Jaque became dean in 2022, succeeding Amale Andraos, who runs the design firm WORKac.
“Architecture needs to go back to its political mission, in other words creating the structures for distributing well-being rather than serving as a handmaiden to the super-rich,” Jaque said in an interview with Pin-Up magazine this year.
He would not likely be a developer’s choice to design a tower on Billionaires’ Row.
“Every single time he would give a speech, it was around ideas of anti-capitalism,” one recent alum said.
One of Jaque’s projects, “Ikea Disobedients,” has appeared in MoMA. The exhibit included a performance using Ikea furniture as an improvised set. It served as a criticism of Ikea’s “social structuration.”
This was practical, Jaque’s website claimed: The work helped stop cases of eviction in Madrid after the 2008 financial crisis.
Deconstructing Derrington
Tenure decisions are usually made at the end of a professor’s fifth year. Derrington’s tenure review was delayed during the Covid era. By 2024, she had published a textbook about the history of the global real estate industry called “Built Up.” Many tenured GSAPP faculty supported Derrington’s tenure, but Jaque ultimately decided against putting her forward. He only told her there was a “negative decision.”
Not every professor gets tenure, and decisions about who does are frequently opaque.
“The tenure review process at Columbia University is extremely demanding and rigorous, as expected of a university of its importance and reputation,” said a spokesperson for Columbia.
Derrington was then told to pack her bags. She was told her services would no longer be needed as program head or as a professor, and she could take her salary over the coming year or as a lump sum. No written explanation was given.
In the months that followed, alumni campaigned to move MSRED into Columbia’s Business School, perhaps a better fit for its ethos. Derrington took a part-time, non-tenure-track role at Harvard University. Adam Lubinsky, a principal of the architecture and design firm WXY, became the interim program director, but a longer-term plan has not emerged.

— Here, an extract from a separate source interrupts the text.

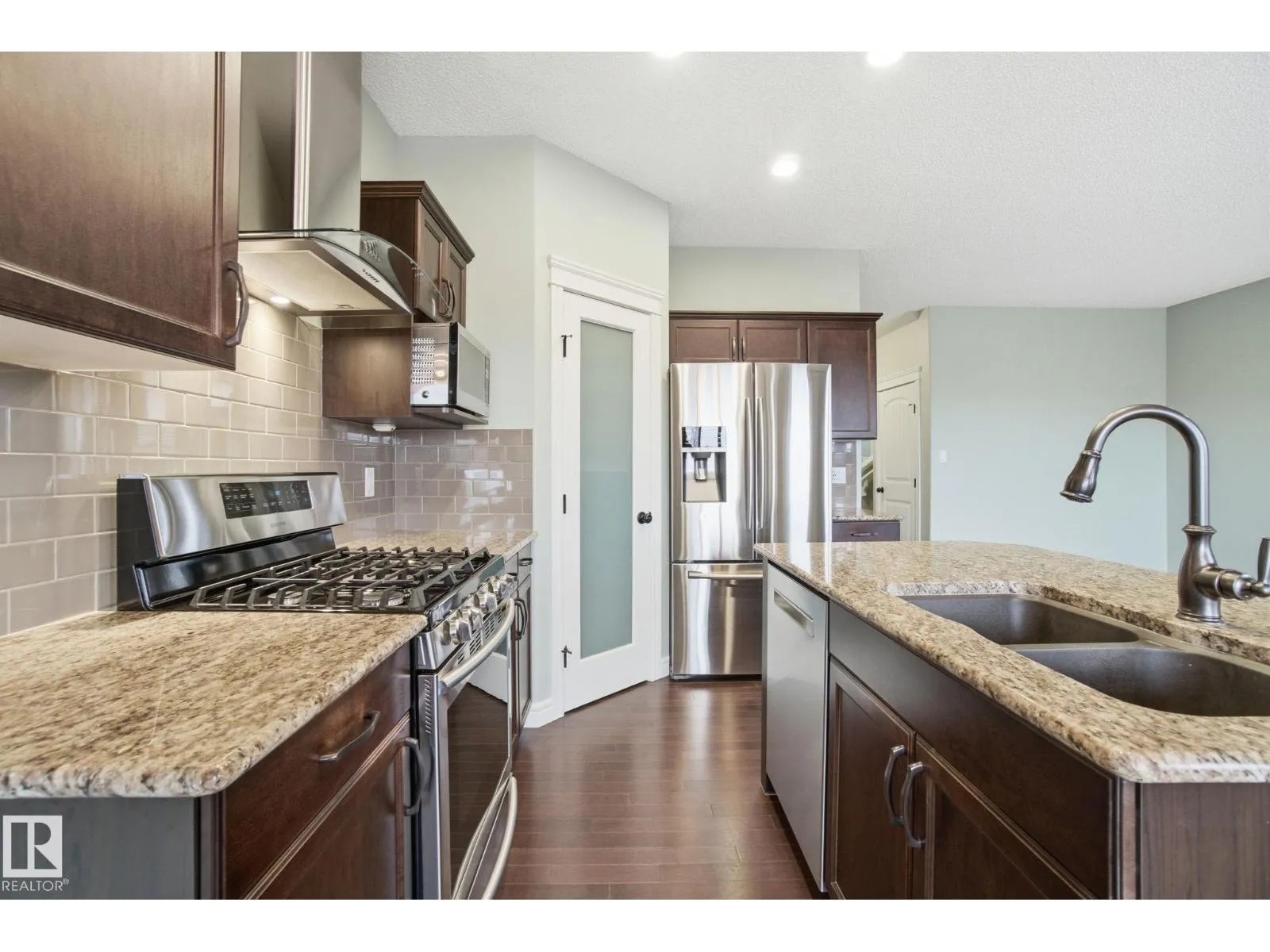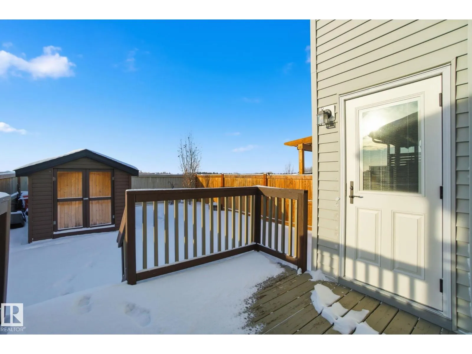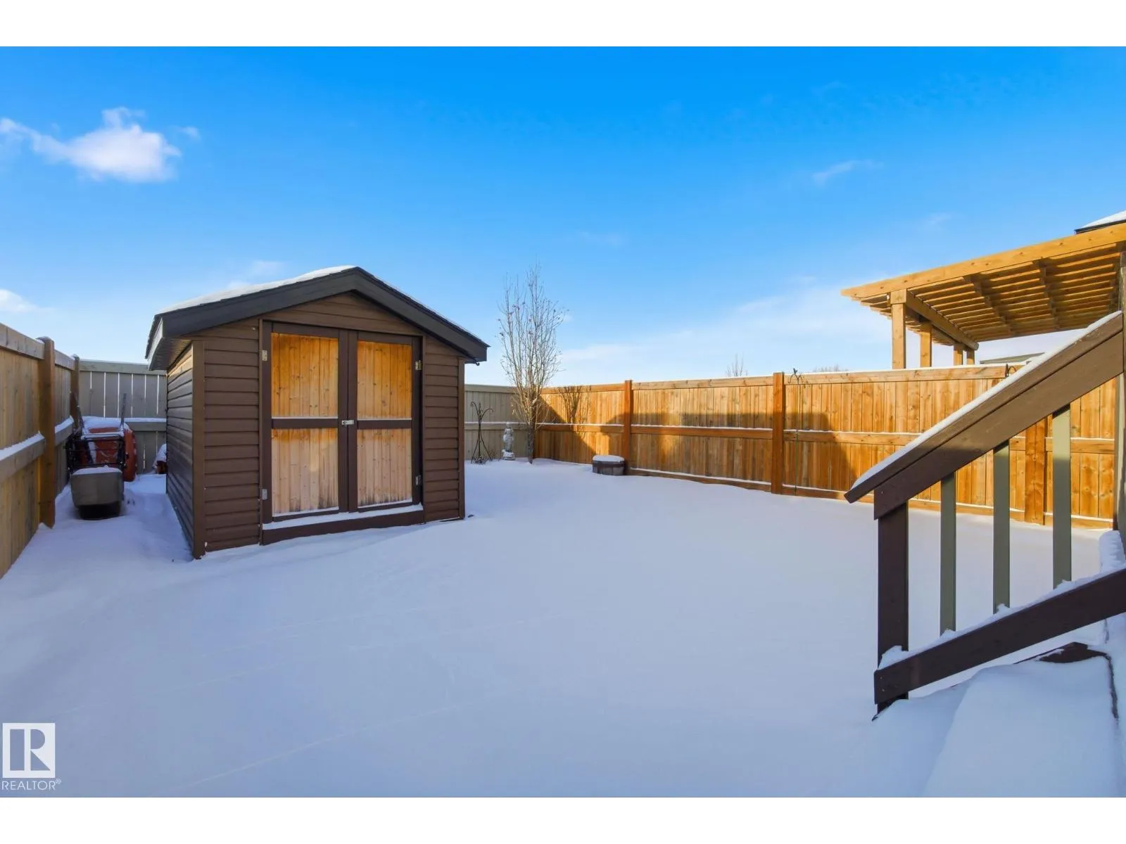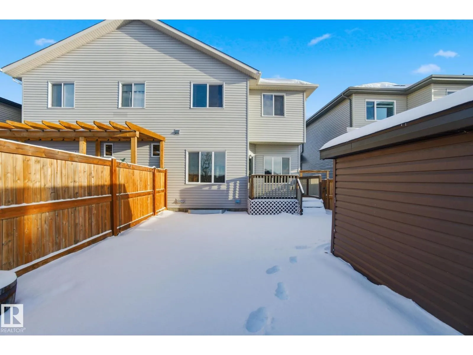 Feel at home the moment you walk in the door of this fully finished 2 storey in Stony Plain's Southcreek subdivision. NO REAR NEIGHBOURS! Large open floorplan with big living room with tons of natural light. Kitchen has a corner pantry and a nice island for people to congregate around. Dining area is perfect for hosting family and friends. MAIN FLOOR LAUNDRY! Head upstairs and you'll find a great bonus room; ideal for watching a movie! Large master suite with vaulted ceilings, a large walk in closet and 4pc ensuite. 2 more bedrooms are great for kids, guests or a home office. Basement is fully developed with a large rec room and another bathroom. Central A/C. Double attached garage keeps the snow off the vehicles! West facing backyard is fully landscaped and even has extra storage with a shed. Farm field behind gives you plenty of views. Quiet cul-de-sac with great neighbours! (id:27476)

“I have not heard anything explicit about the intended direction of the program under its urban design leadership,” Derrington said in a statement.
The traditional order
Students of business still admire the robber barons, like John Pierpont Morgan Sr., and the corporate raiders, like Carl Icahn. But success in the current corporate world today mostly involves mastery of Microsoft Excel and PowerPoint. Junior analysts on Wall Street spend the day — and night — perfecting PowerPoint slides.
The consultant track has overtaken MBA programs, as McKinsey and Boston Consulting Group attract grads with $200,000-plus salaries to tell operators everything they do wrong.
Then, if you do make it, you go to board meetings on Zoom. Power suits and ties sit in garment bags, while leaders wear white-soled Cole Haans and quilted puffer vests.
Anyone looking for meaning has to stay away.
In this world, real estate is still mythic. It matters. You can have style. Towers go up, and they change their environments. Design sets the scene for existence; better design improves life and work. Housing is economic mobility.
Young people gravitate toward the field because of the potential riches, but also because they hope to find purpose.
Can they find it in the Ivy League? Can anyone really teach real estate grit — how to get up in the morning when your lender backed out and your anchor tenant reneged?
At least for a moment in time, MSRED offered this to a type of hard-working, ready-to-hustle student who had no other way into this lucrative and hard-to-access business. If the institution can survive as a place for pragmatism, maybe the answer is yes. If it ventures into the land of obscure, abstract academic theory, the path might become impossible.